The Relationship between Blood Transfusion and Mortality in Trauma Patients (외상환자에서 수혈과 사망의 연관성)

  • Choi, Se Young;Lee, Jun Ho;Choi, Young Cheol
    • Journal of Trauma and Injury
    • /
    • v.21 no.2
    • /
    • pp.108-114
    • /
    • 2008
  • Purpose: Using a propensity analysis, a recent study reported that blood transfusion might not be an independent predictor of mortality in critically ill patients, which contradicted the results of earlier studies. This study aims to reveal whether or not blood transfusion is an independent predictor of mortality in trauma patients. Methods: A total of three hundred fifty consecutive trauma patients who were admitted to our emergency center from January 2004 to October 2005 and who underwent an arterial blood gas analysis and a venous blood analysis were included in this study. Their medical records were collected prospectively and retrospectively. Using a multivariate logistic analysis, data on the total population and on the propensity-score -matched population were retrospectively analyzed for association with mortality. Results: Of the three hundred fifty patients, one hundred twenty-nine (36.9%) received a blood transfusion.
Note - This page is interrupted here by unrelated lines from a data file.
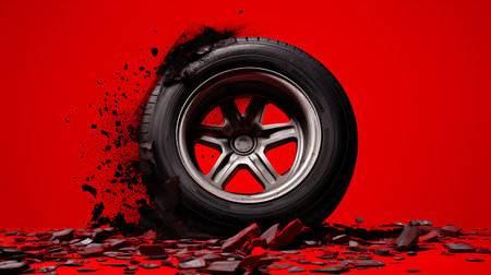 Car wheel with red paint splashes on a red background. 3d rendering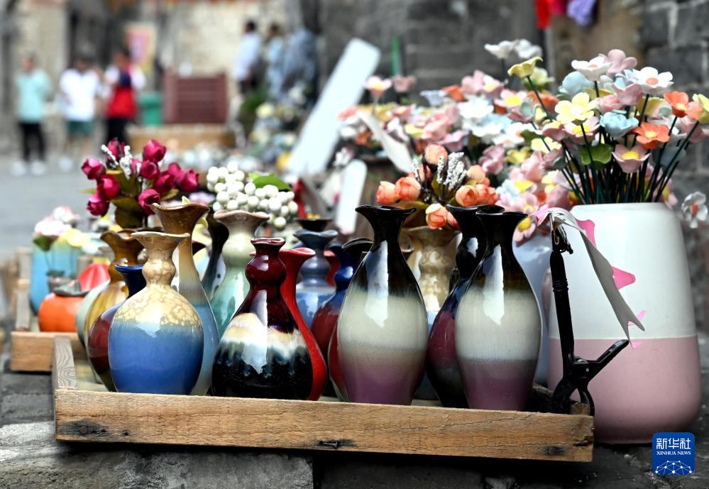 这是在河南省禹州市神垕镇一家钧瓷店铺外摆放的货品(7月3日摄)。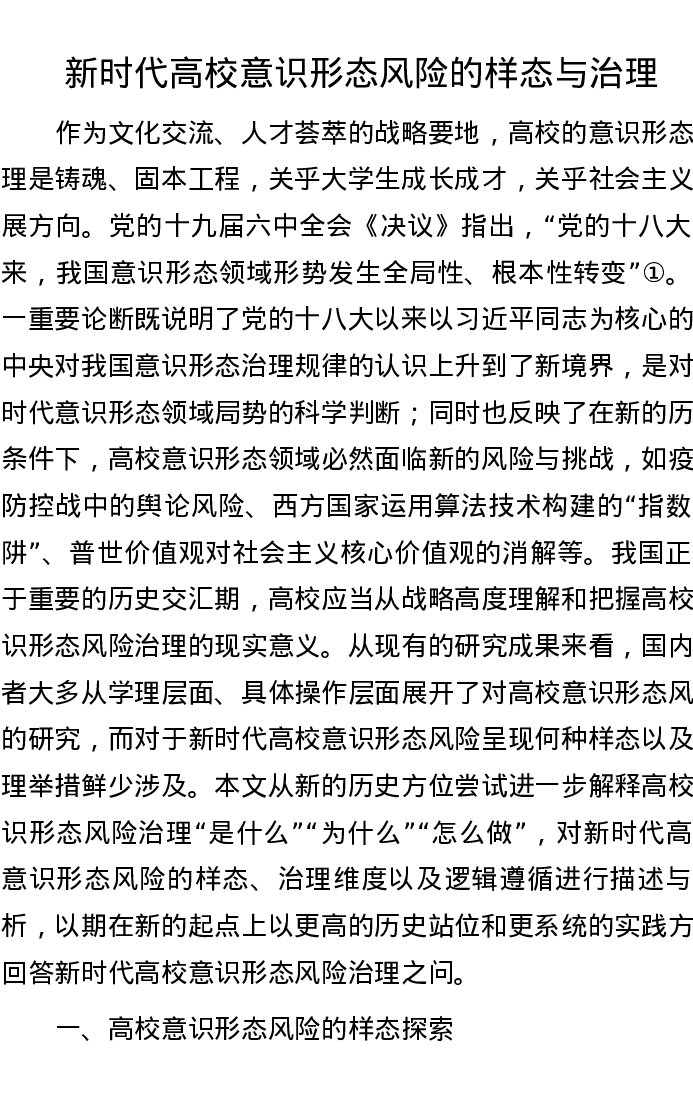 新时代高校意识形态风险的样态与治理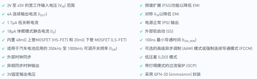 MPQ4314 具有3.3V 至 45V 的宽输入电压 (VIN) 范围,可适应汽车输入环境中的各种降压应用,而1.7μA 的关断电流则允许该器件用于电池供电应用。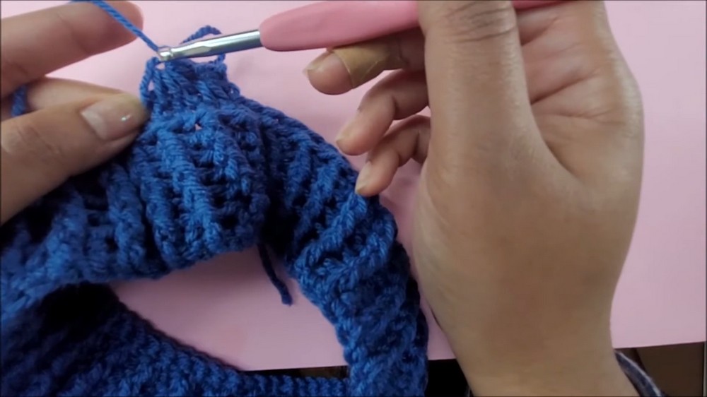 - For this row, work single crochet 2 together by combining two back-loop stitches into one. Repeat around the row.

These patients were older (mean age: 48 vs. 44 years; p=0.019) and had a higher mortality rate (27.9% vs. 7.7%; p<0.001). In the total population, the multivariate analysis revealed that the Glasgow coma scale score, the systolic blood pressure, bicarbonate, the need for respiratory support, past medical history of heart disease, the amount of blood transfusion for 24 hours, and hemoglobin were associated with mortality. In thirty-seven pairs of patients matched with a propensity score, potassium, new injury severity score, amount of blood transfusion for 24 hours, and pulse rate were associated with mortality in the multivariate analysis. Therefore, blood transfusion was a significant independent predictor of mortality in trauma patients. Conclusion: Blood transfusion was revealed to be a significant independent predictor of mortality in the total population of trauma patients and in the propensity-score-matched population.